From what I’ve been reading, as soon as the browser loads jQuery or a Google Font or a Google map it sends the IP address of the visitor to Google’s servers without any option to ask for their consent beforehand.
A key problem is that every country is treating this differently, but Germany is saying that under GDPR, IP addresses are considered personal data, so If we could store the fonts on our own servers there is no IP number transfer and therefore it sidesteps that particular issue.
I believe Google complies with the US Privacy Shield, which should be adequate in theory, but it seems that is irrelevant, because it still requires visitor consent and the owner of the website is held accountable. Web hosts are also walking on egg shells here and I’m very glad I never became a reseller.
From what I can tell it’s just a very badly written law, created by people who have no understanding of the internet or how it works, which is then being interpreted differently in every country.
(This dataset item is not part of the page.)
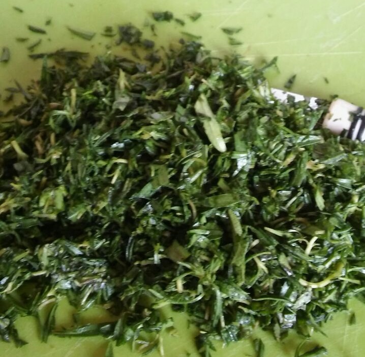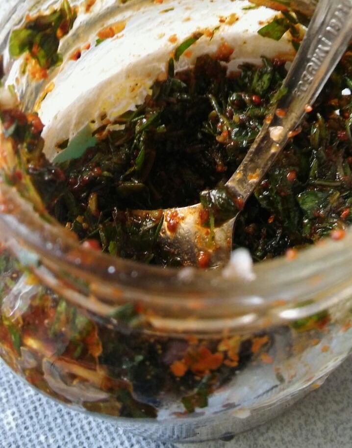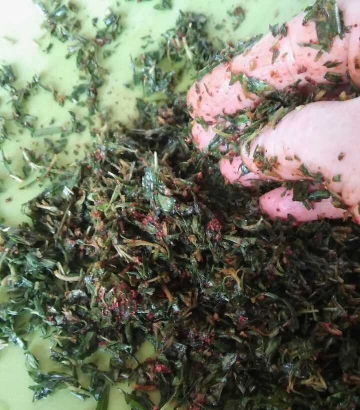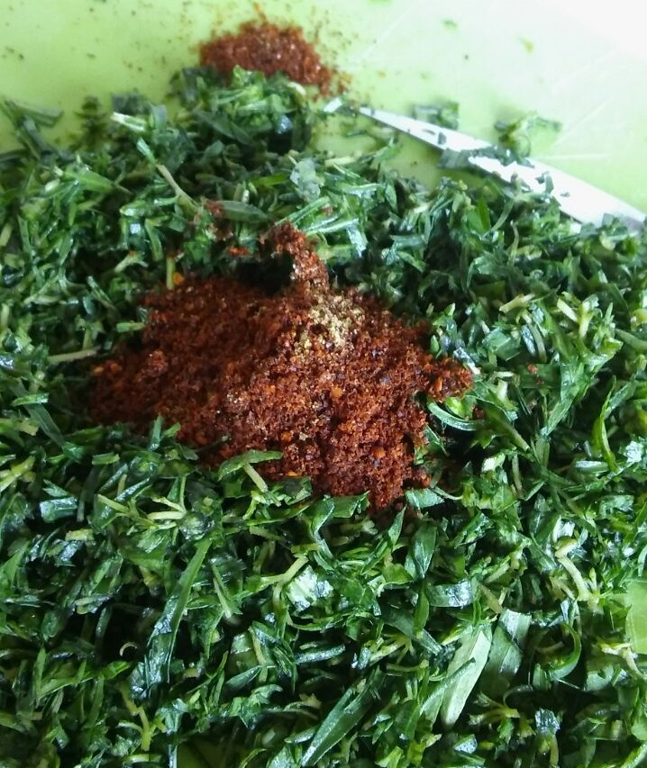Kekiği ayiklayın ve bir kaç su güzelce yıkayın. Tuz ile iyice ölene kadar yoğurun. Pul biberi de ekleyin ve bir süre daha yoğurun. sonra geri kalan malzemeleri karıştırın.

As always there are people who get a kick out of making it as complicated and expensive as possible, just like they did with EU VAT on digital downloads.
My inbox has been full of emails from a small number of clients fussing over GDPR and they are treating me like a legal consultant, but worse still framing the discussion as though I will be personally accountable if they experience any issues.
Reading on the internet, I’ve seen various software developers for web apps scrambling to find away around these points and issuing updates. For example the developer of the Stacks plugin for Rapidweaver issued an update so that jQuery access to a CDN can be controlled.
My wife works at a local college and they have been furiously shredding papers there for the last month in preparation for all of this, so the hysteria is not just limited to websites, but it seems like the penalties for non compliance can be pretty harsh.